In conclusion, we have demonstrated that EPAS1 plays a key role in IL-31 induction in mice and humans with atopic skin inflammation. Thus, EPAS1 may be a therapeutic target for controlling IL-31-associated itch.

Methods

Mice

Dock8−/− mice have been described previously6. Mice heterozygous for the mutant allele (Dock8+/−) were backcrossed onto a C57BL/6 background for more than nine generations, and Dock8+/− mice were crossed with AND TCR Tg mice or OTII TCR Tg mice to obtain Dock8+/− or Dock8−/− TCR Tg mice. Osmr−/− mice were obtained from RIKEN BioResource Center (RBRC02711). Epas1lox/lox mice were obtained from the Jackson Laboratory and crossed with CD4-Cre Tg mice to obtain CD4-Cre+ Epas1lox/loxDock8−/− AND Tg mice. CAG-OVA mice were purchased from the Jackson Laboratory. Mice were maintained under specific-pathogen-free conditions in the animal facility of Kyushu University, and age- and sex-matched littermates were used as controls. Animal experiments were approved by the committee of Ethics of Animal Experiments, Kyushu University. Mice were selected randomly and assigned to experimental groups according to genotype. The investigators who performed the experiments were not blinded to mouse genotypes.
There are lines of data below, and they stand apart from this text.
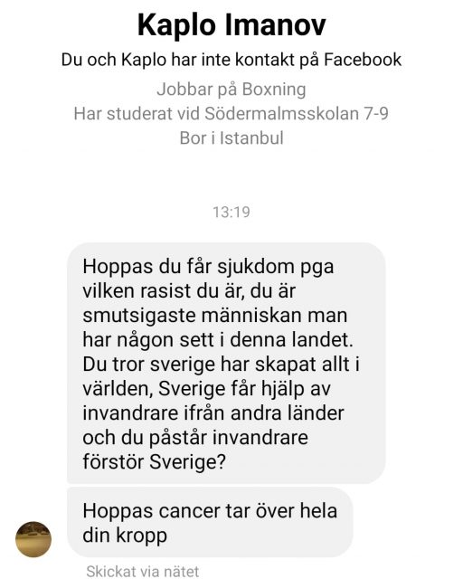 Det finns de som inte nöjt sig med att skriva i kommentersfältet. Några har också skickat privata meddelanden och trakasserat Jenny Piper. En man skriver att han önskar att Jenny Piper ska få cancer.
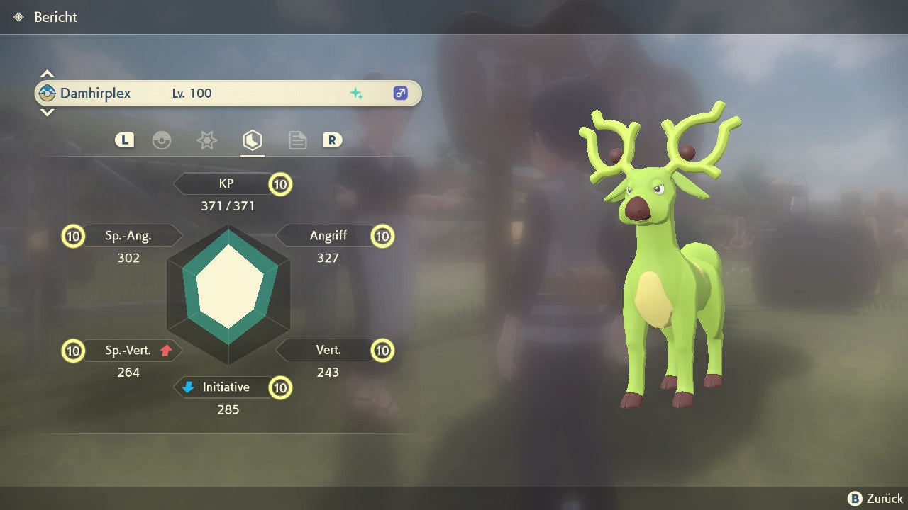 Das Pokemon ist mit beeindruckenden 6×31 IV-Werten ausgestattet. Das bedeutet, dass es auf allen sechs Werten (KP, Ang., Sp-Ang., Vert., Sp-Vert., Init.) die maximalen 31 IV/DV-Punkte besitzt. Dein Pokemon startet somit mit herausragender Stärke in digitale Kämpfe.
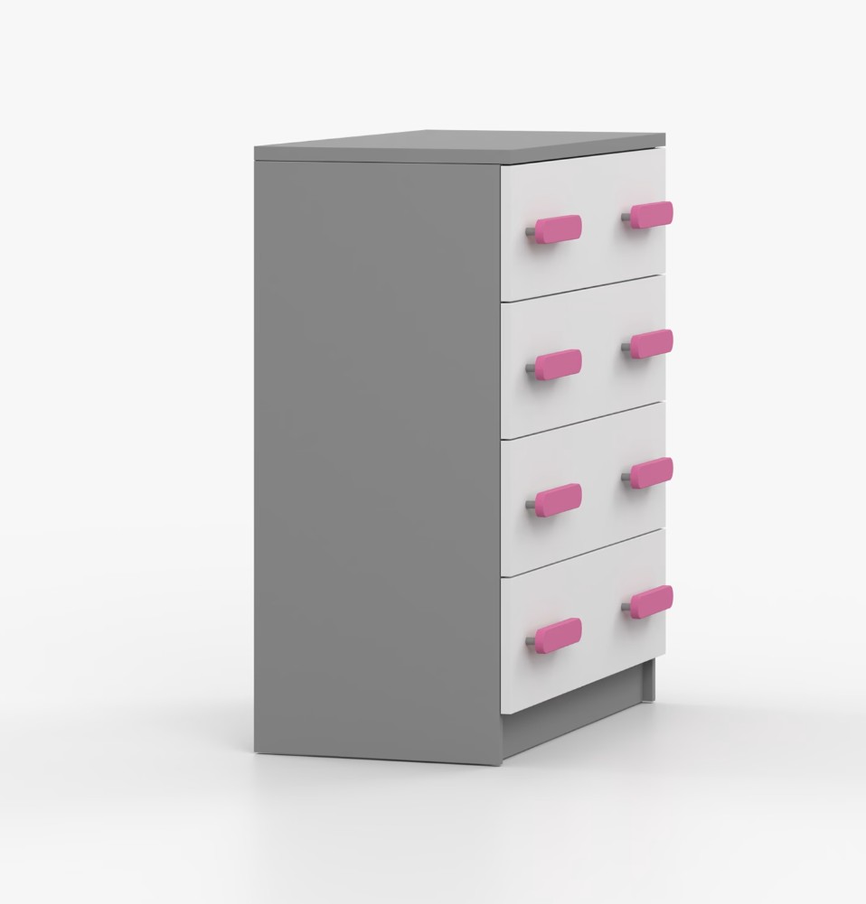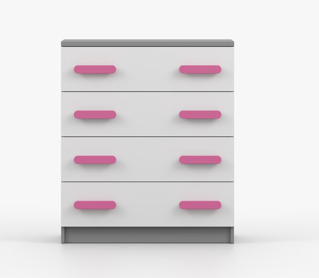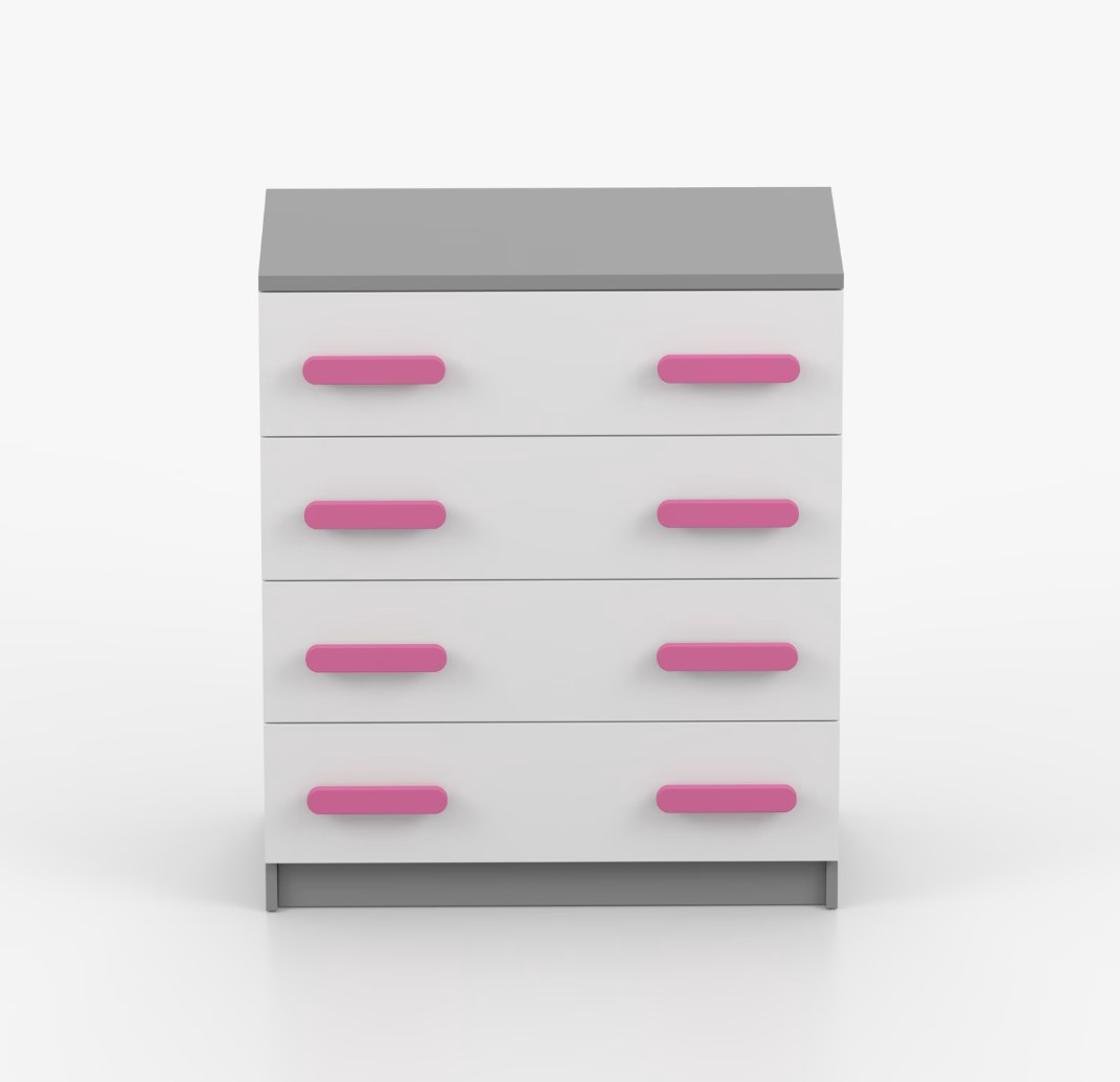 Komoda SCOUT je praktický kus nábytku s moderným dizajnom, ktorý sa ľahko začlení do akéhokoľvek interiéru. Štyri priestranné zásuvky s farebnými úchytkami poskytujú dostatok úložného priestoru. Komoda je vyrobená z kvalitnej laminovanej dosky s hrúbkou 16 mm, ktorá je odolná proti poškriabaniu, poškodeniu, vlhkosti a vysokým teplotám. Hrany sú zakončené ABS lištou, čo zaisťuje ich odolnosť a pevnosť.
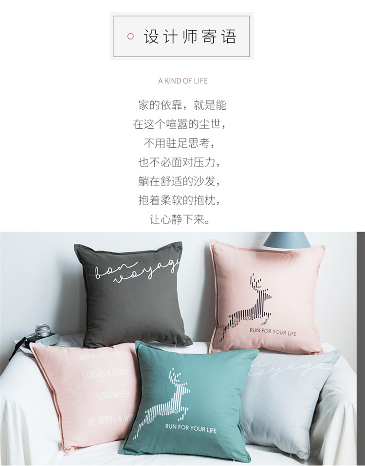 北纬27度 2019新款北欧风抱枕全棉系列麋鹿粉
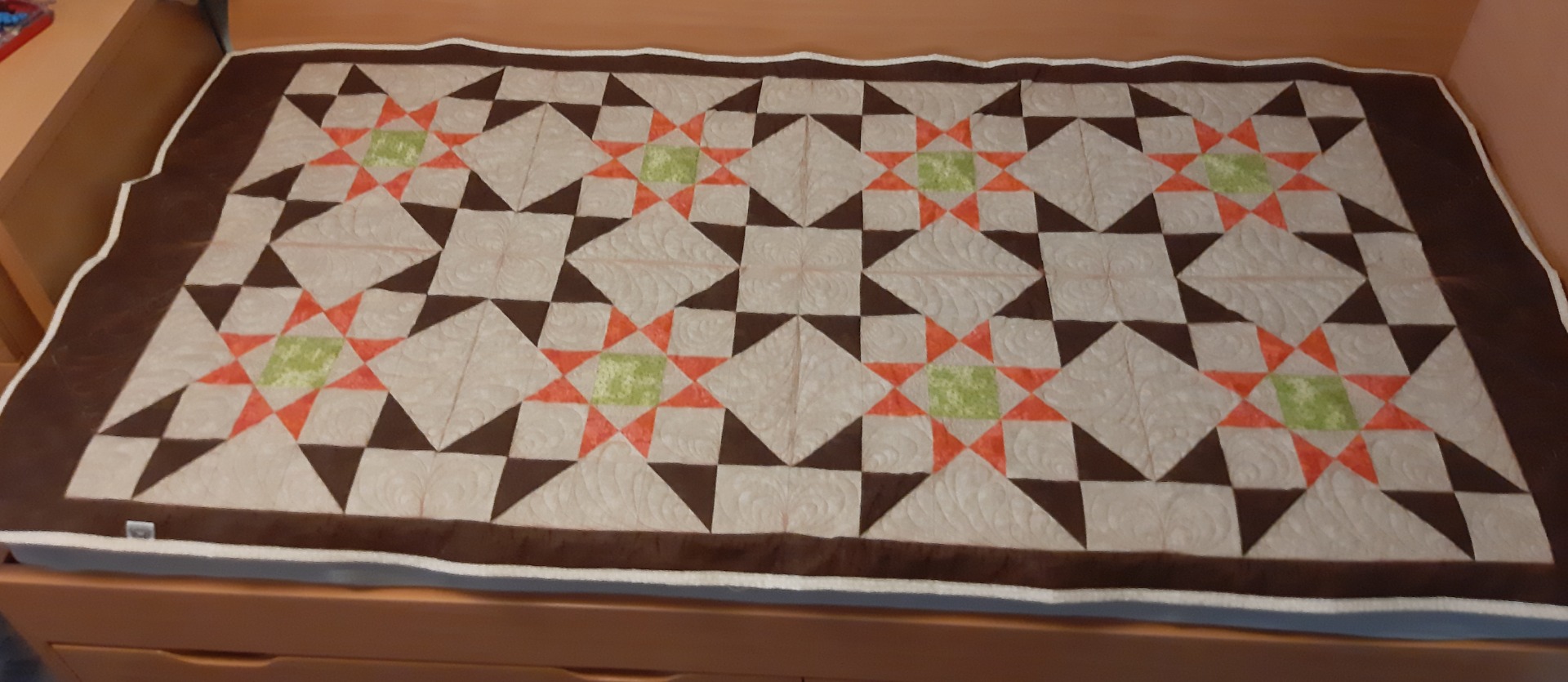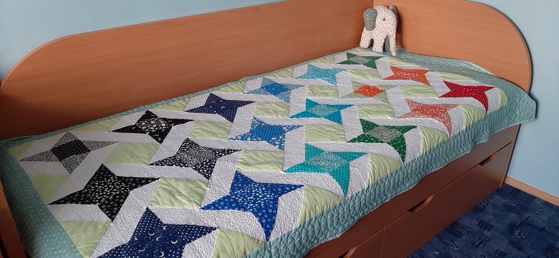 Dílek za dílkem sešijeme do většího celku, tzv. bloku. Z několika bloků pak sešíváme horní vrstvu deky, tzv. top. Top podložíme výztuhou, zpravidla vatelínem, a spodní látkou. Tyto tři vrstvy spojíme prošitím, tzv. quiltováním. Buď prošíváme ve švu nebo kousek od švu a nebo prošíváme volně. Při volném prošívání/quiltování vytváříme ozdobné vzory a bordury, čímž přidáváme na kráse a hodnotě quiltu (deky).
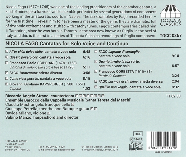 01. Strano, Riccardo Angelo "All'or ch'on dolce oblio (Kantate)" 02. Strano, Riccardo Angelo "Questo povero cor (Kantate)" 03. Manzo, Sabino "Sinfonia für Violoncello und Basso continio" 04. Strano, Riccardo Angelo "Tormentata (Arietta diversa)" 05. Strano, Riccardo Angelo "Come viver poss'io (Kantate)" 06. Manzo, Sabino "Capona" 07. Strano, Riccardo Angelo "Lagrime di cordoglio (Kantate)" 08. Strano, Riccardo Angelo "Quanto invidio la tua sorte (Kantate)" 09. Manzo, Sabino "Partie de Chacone" 10. Strano, Riccardo Angelo "Lusinga di chi pena (Arietta diversa)" 11. Strano, Riccardo Angelo "Quall'or non veggio (Kantate)"
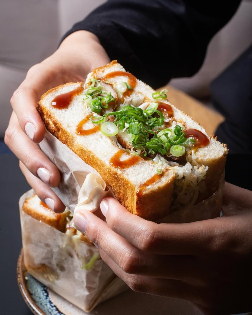 Este lugar es un templo dedicado al sando. Como su nombre lo indica, aquí se especializan en el clásico tonkatsu sando: cerdo empanizado crujiente, pan blanco ultra suave y una salsa tonkatsu ligeramente dulce. También hay opciones con wagyu y ebi fry (camarón), y una estética japonesa minimalista que lo convierte en el spot favorito de Instagram.
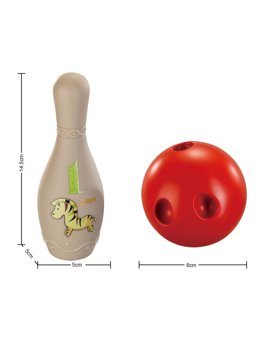 Woopie 's colorful sensory bowling pins are everything children need to develop their motor skills while having fun . The set includes 6 pins and 2 soft- touch balls. We don't need to convince you that bowling will be great fun for your little one, but it will also provide many educational benefits. The pins can be squeezed and have surfaces with various patterns to stimulate their sensory and tactile senses . This toy develops your child's motor skills through activities such as running and throwing .
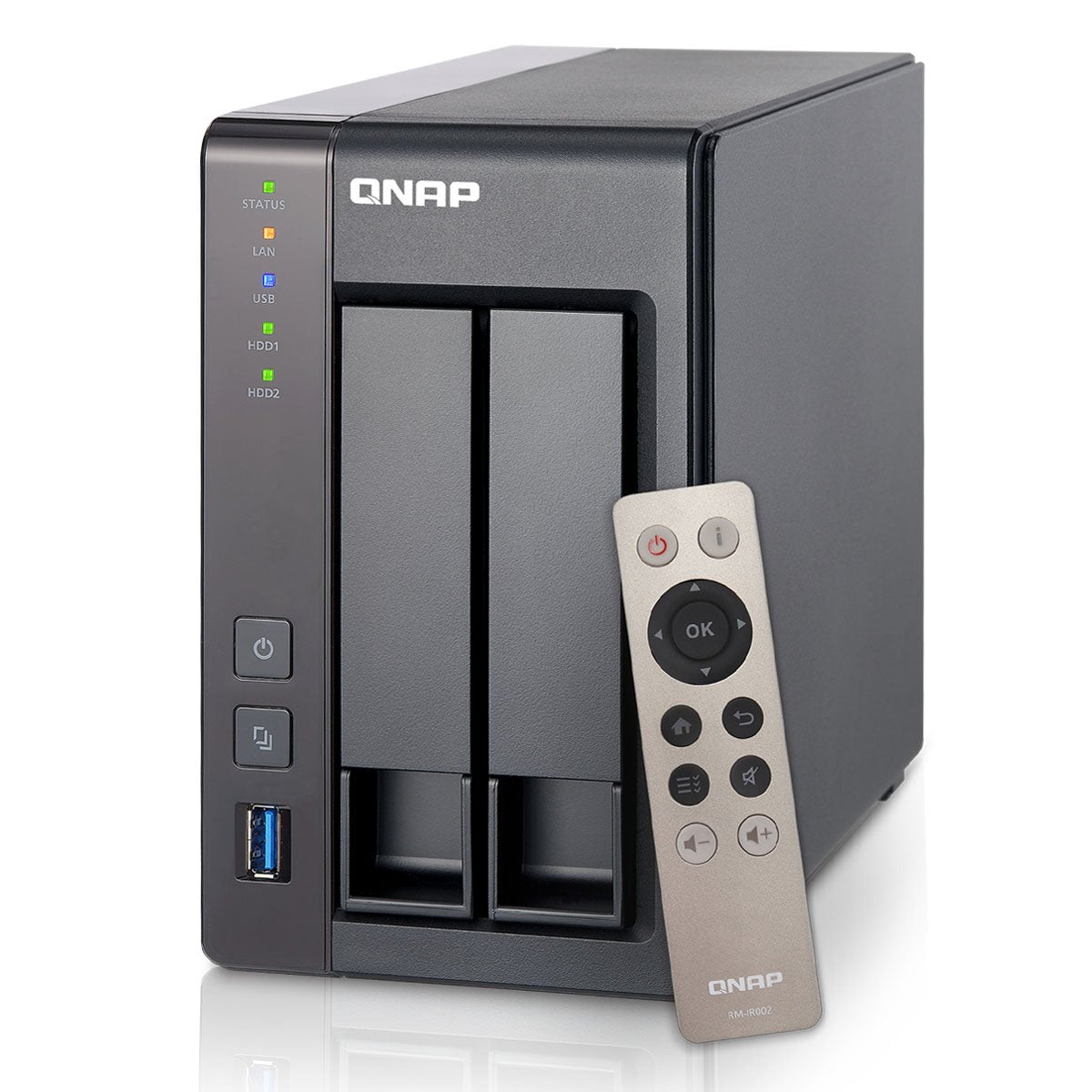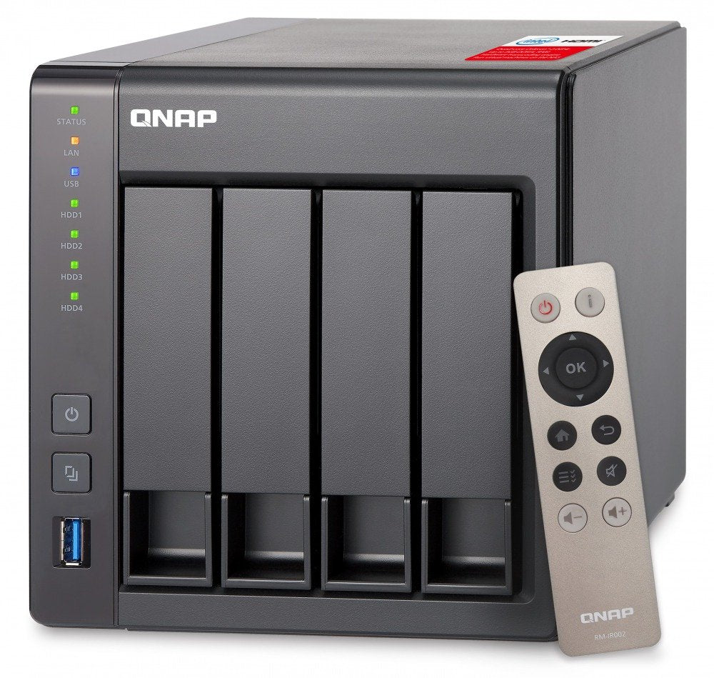 - Intel Celeron Quad-Core 2.0GHz, 2GB DDR3L RAM (max 8GB), SATA 6Gb/s, 2 Giga LAN, hardware transcoding, HDMI out with Kodi, Virtualization Station, Surveillance Station. QNAP remote included.

Measurement of scratching behaviour

Mice were put into an acrylic cage (11 × 14 × 20 cm) for at least 1 h for acclimation, and their behaviours were videotaped. Playback of the video was used for determination of the total number of scratching bouts per 2 h. When mice scratch, they stretch their hind paw toward the itchy spot, lean the head toward the hind paw, rapidly move the paw several times, and then lower it back to the floor. A series of these movements was counted as one bout of scratching, as previously described51.

Evaluation of skin disease

The severity of dermatitis was grossly assessed by the modified SCORAD method, as described previously31. This scoring is based on the severity of (1) erythema/hemorrhage, (2) scaling/dryness, (3) oedema and (4) excoriation/erosion. The degree of each symptom was scored as 0 (absence), 1 (mild), 2 (moderate) and 3 (severe). The sum of the individual scores (minimum 0 and maximum 12) was taken as the dermatitis score.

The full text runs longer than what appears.